The Hibernate second level cache is used to cache items between session invocations. Hibernate always uses it's session as a first level cache, but if you want to avoid database hits between sessions you need a second level cache. If you want these caches to stay in synch between several instances of your application, you need a distributed second level cache.
Memcached is a fantastically fast distributed cache, so why not use that? Once I build a jar of the hibernate-memcached project you'll be able to include it in your application and tell Hibernate to use it. Telling Hibernate to use it means adding the cache_provider property to your hibernate.cfg.xml, or your Spring LocalSessionFactoryBean if you're using that. The hiberante.cfg.xml looks like this...
<hibernate-configuration>
<session-factory>
<property name="hibernate.cache.provider_class">com.googlecode.hibernate.memcached.MemcachedCacheProvider</property>
<mapping class="com.yadda.yadda.Something"/>
</session-factory>
</hibernate-configuration>
Then, in your mappings you tell Hibernate that you want instances of your persistent objects to be cached, or collections from relation ships to be cached. Once Hibernate knows what you want cached you can watch it pump stuff into memcached, which is good clean geeky fun. Fire up memcahed (on windows or linux) using the -vv command line option to make it run "very verbose". You can see it storing and responding for each operation taken.
You can play with the code straight out of subversion at google code. It will actually work and cache stuff, but it is currently hardcoded to look only at localhost:11211 for a memcached instance. I'll get around to making it configurable. To build the code you'll need Maven2. I highly recommend using Don Brown's no-suck port of maven2 actually.
More to come...
10 comments:
Really cool articles bud. Can you elaborate a bit on the advantages of using MemCached over other commercial products (other than the obvious thing that it is free!! :) ). Does MemCached work on large no of distributed nodes?

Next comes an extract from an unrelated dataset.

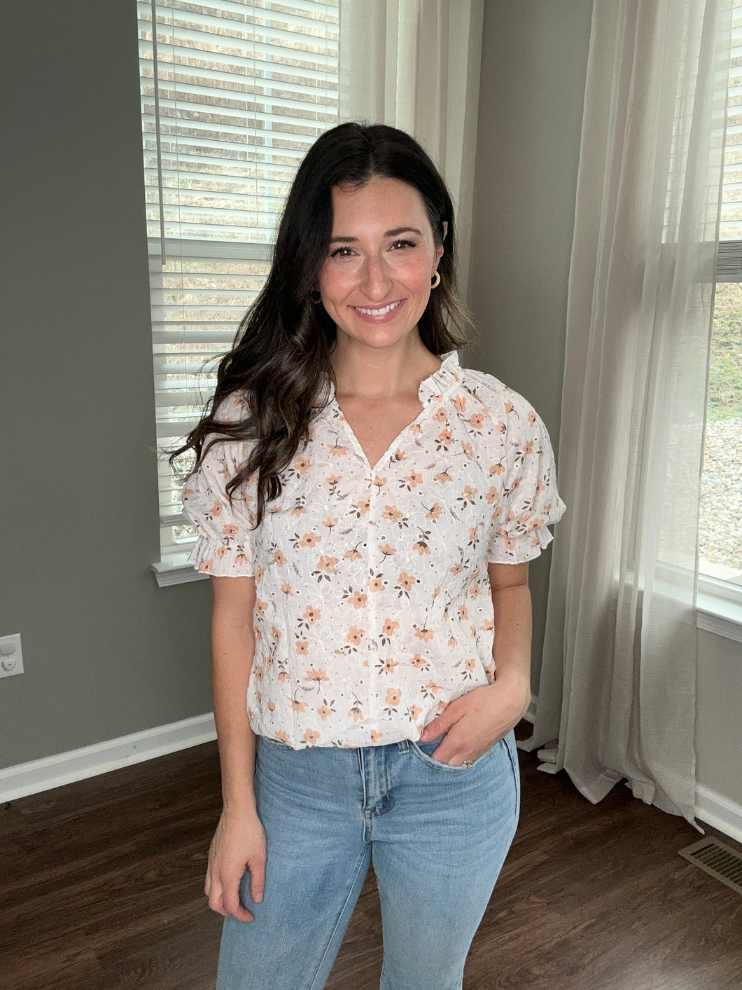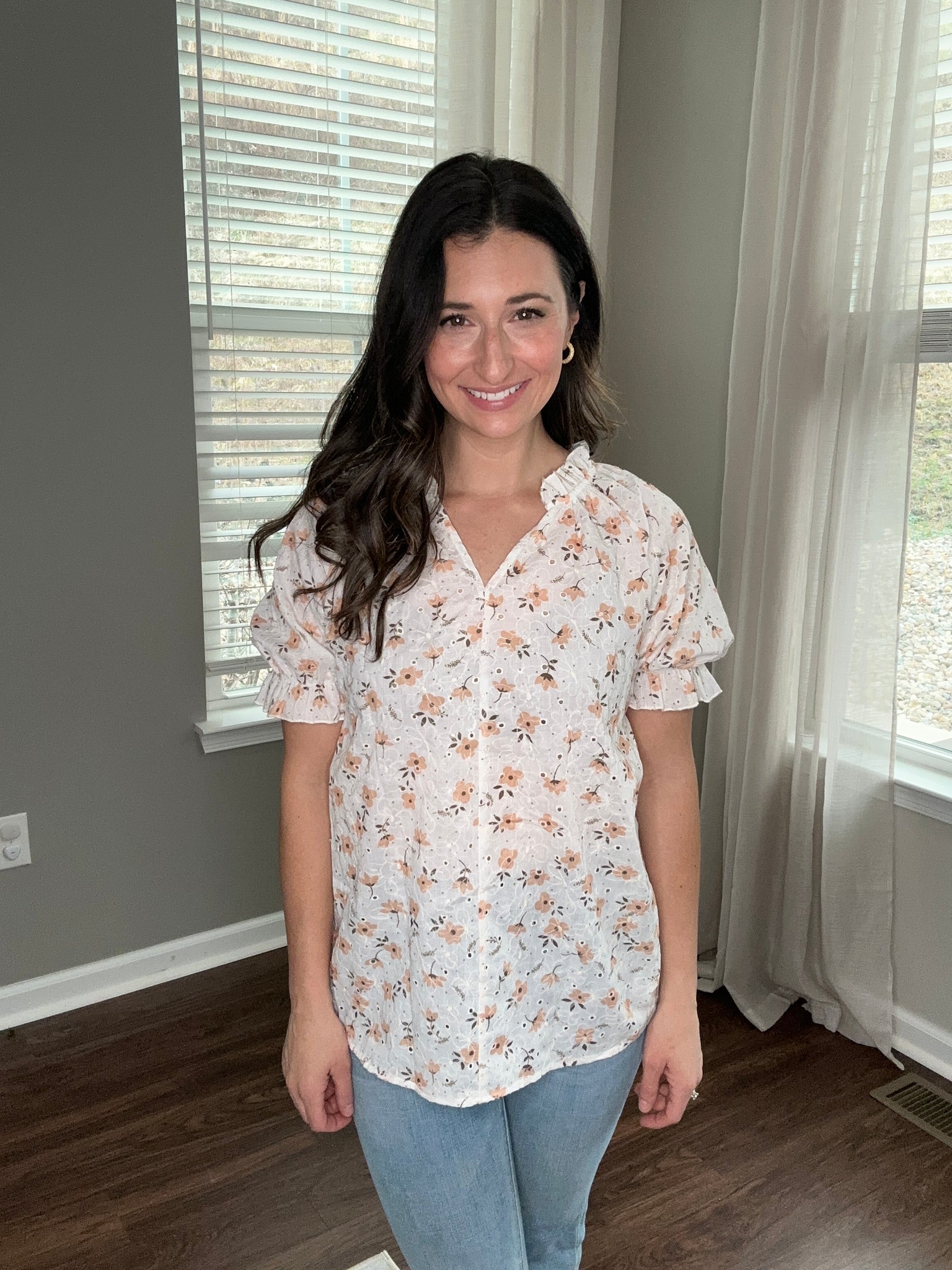 Embrace bohemian chic with our Celia blouse, featuring intricate eyelet details that add a touch of elegance to your outfit. The charming floral print on this blouse brings a whimsical and feminine flair to your look, perfect for both casual outings and special occasions. Stand out with the unique puff sleeves that create a fashionable statement, while the frill accents add a playful and stylish dimension to the top. The neutral color of this blouse offers versatility, allowing you to easily mix and match with different bottoms and accessories for various trendy ensembles.

The previous artcle, Cache Everything, talks a little more about memcached specifically.
Memcached can scale across a huge number of nodes, I can't give you any hard numbers only generalizations :)
As for comparing it to other systems, have a look at the Coherence configuration mechanisms vs. the memcached options. Coherence has it's uses that's for sure, some of them are quite different than what memcached goes after. I think this should all be the subject of another post...

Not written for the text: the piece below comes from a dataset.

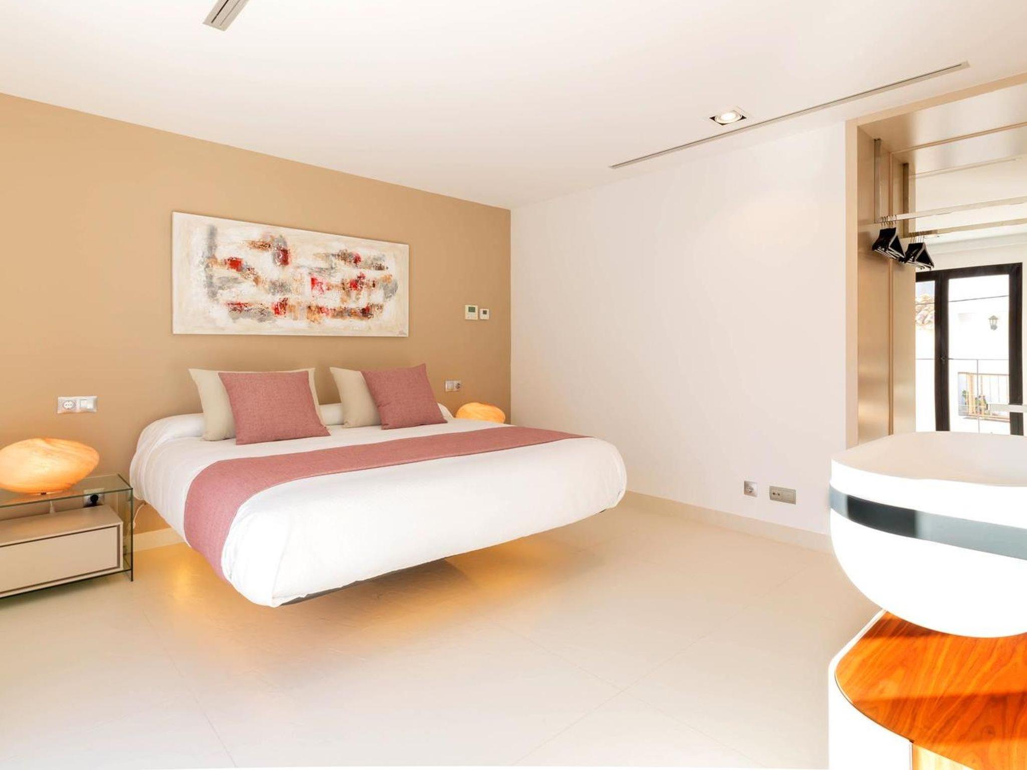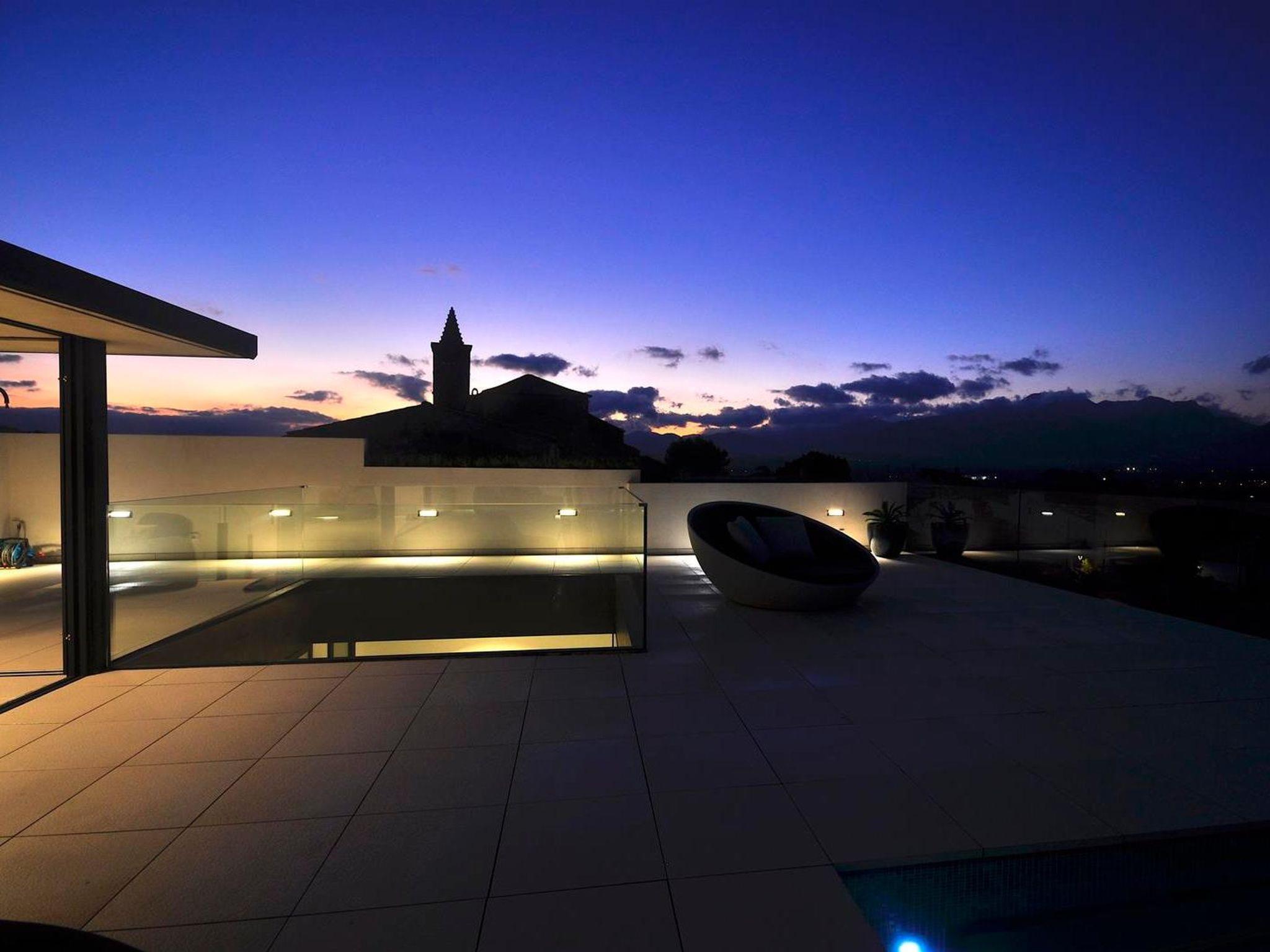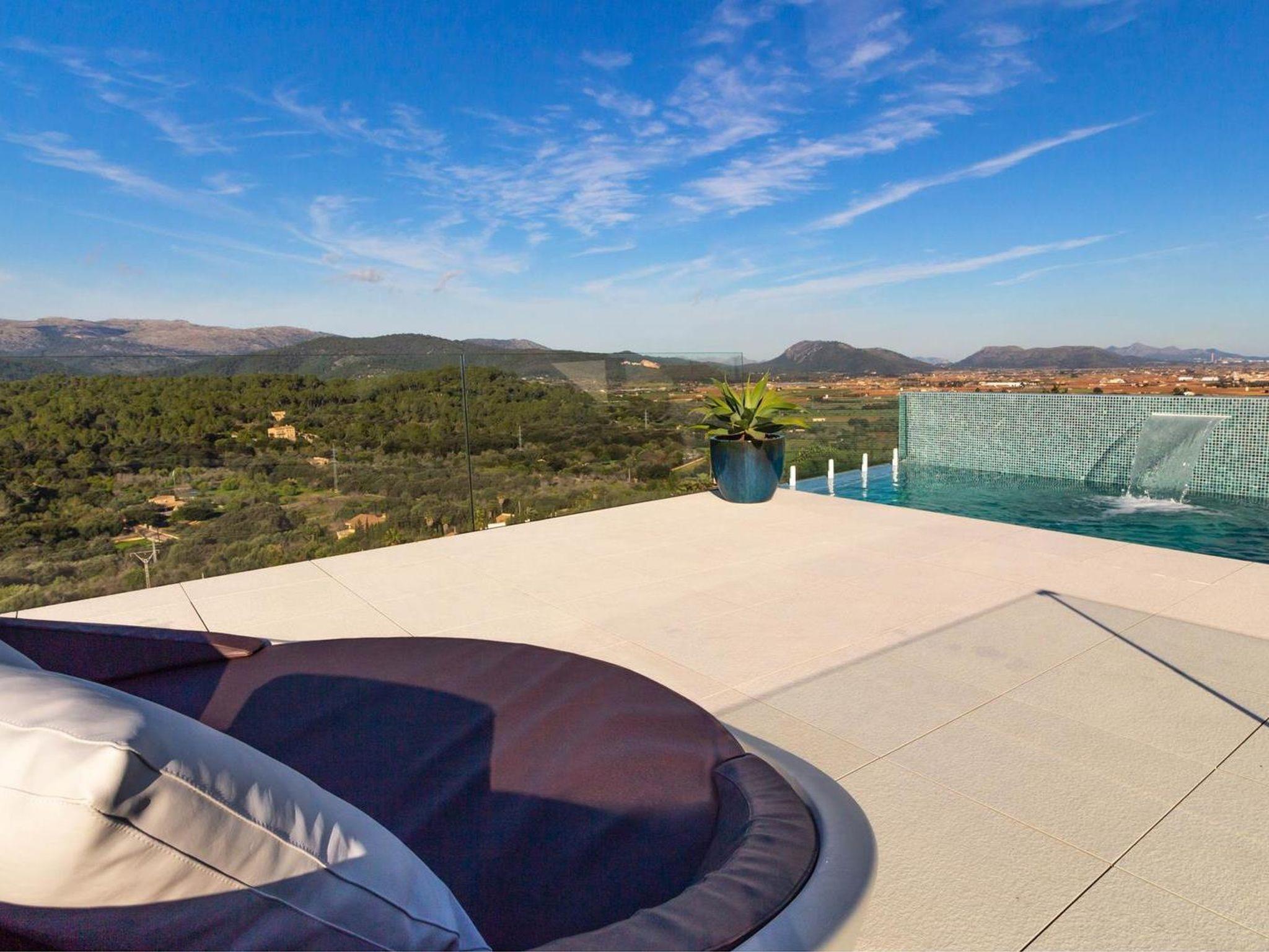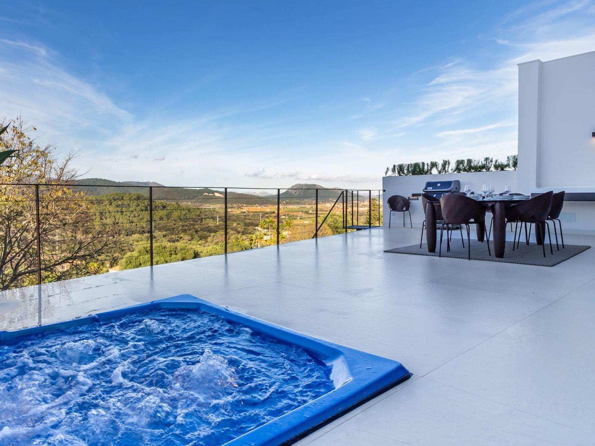 Búger: Large, modern, luxurious villa "Montblau", renovated in 2018. In the centre of Búger, in a quiet, sunny position, 15 km from the sea. Private: property 600 m2, swimming pool angular (5 x 3 m, seasonal availability: 01.Mar. - 31.Oct.). Outdoor shower, pergola, terrace, garden furniture, barbecue. In the house: internet access, WiFi, solarium, hot tub, central heating system, air conditioning, washing machine. Public parking on the road. Shop, restaurant 100 m, bus stop "Buger" 190 m, sandy beach 15 km. Please note: car recommended. Suitable for families, suitable for seniors baby equipment on request (included). Object suitable for 9 adults. The owner does not accept any youth groups. Airfield 40 km from the property.

Oh, and memcached isn't just free, it's open source :) If you think there's a bug; go look. If you think you can improve it; have at it. Try that with the "enterprisey" systems out there. :)
I'm kind of confused how it works if you have slave/master situation, due to a legacy env i have 2 instances of spring hibernate services, one connected to master for update and one to slave for read. so i understand that caching goes to the master configuration but isn't read the place that i really need it?

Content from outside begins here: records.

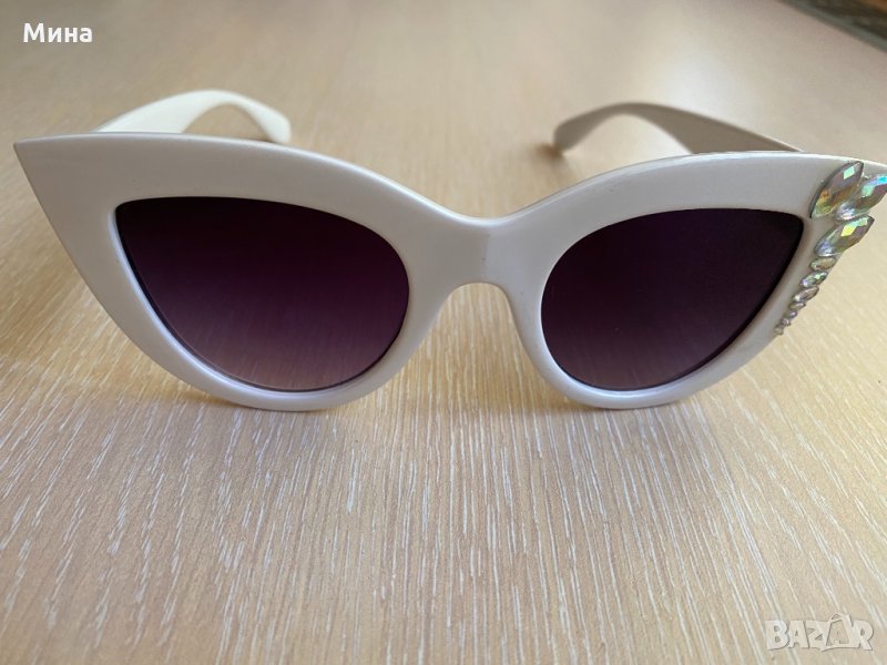 Дамски слънчеви очила с бяла рамка, с UV защита. Ръчна изработка с камъни Сваровски.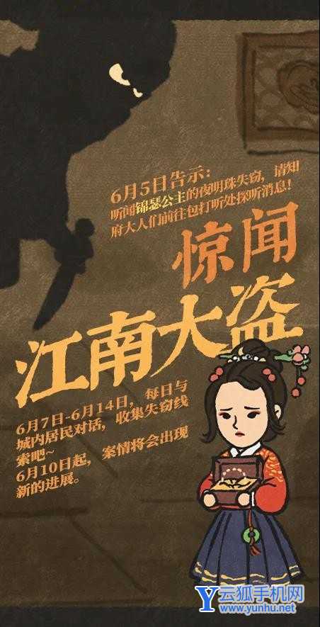 此外6月10日至6月12日及6月15日至6月18日,城内会有盗贼携带【假夜明珠】混淆视听、掩护同伙,还请知府大人一并收缴拷问!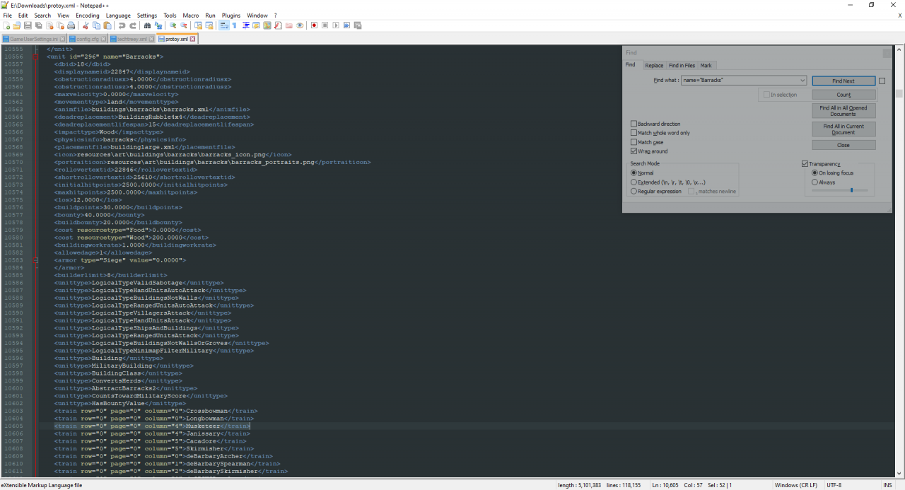 Note: For adding most new units you will also need to reference them in the protoy file as well, but in our case with the musketeer, it’s already under the barracks section there as you can see: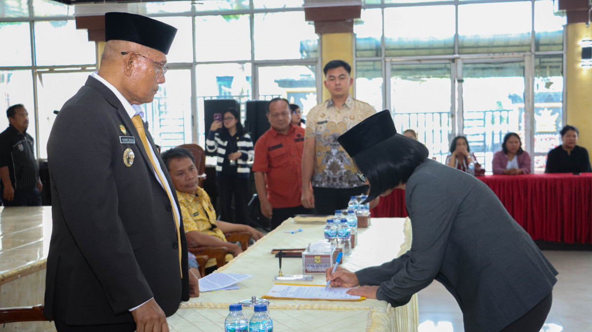 DAIRI - Bupati Dairi, Vickner Sinaga melantik dan mengambil sumpah janji jabatan 8 orang pejabat fungsional di Lingkungan Pemerintah Kabupaten (Pemkab) Dairi, Jumat 28 November 2025 di Balai Budaya, Sidikalang.

You update from one database and read from another but it's the same data?
sorry, the other way around same data, update to the master and read from the slaves
ok - i left 2 comments. the first one was inaccurate and I tried to correct it with second comment but i see the first one never got posted so here is the situation
its the same data, I read from the slave and write to the master
And you use Hibernate for this?
yes, i have configured 2 data sources one for master and other for slaves
I appreciate if somebody helps me with this problem. After I configured memcached and hibernate, I can see in the memcaced log that the object is being returned successfully - but at the same time I can see a log that hibernate is issuing a select statement to get the object from the database.
to test this, I am manually updating the database via mysql client and i CAN see the updated record when I get the object from hibernate. so this kind of proves the fact about my concern that Hibernate after gets the data from the cache it goes a head and gets it from the database anyways! any idea?
Please post your questions to the hibernate-memcached google group.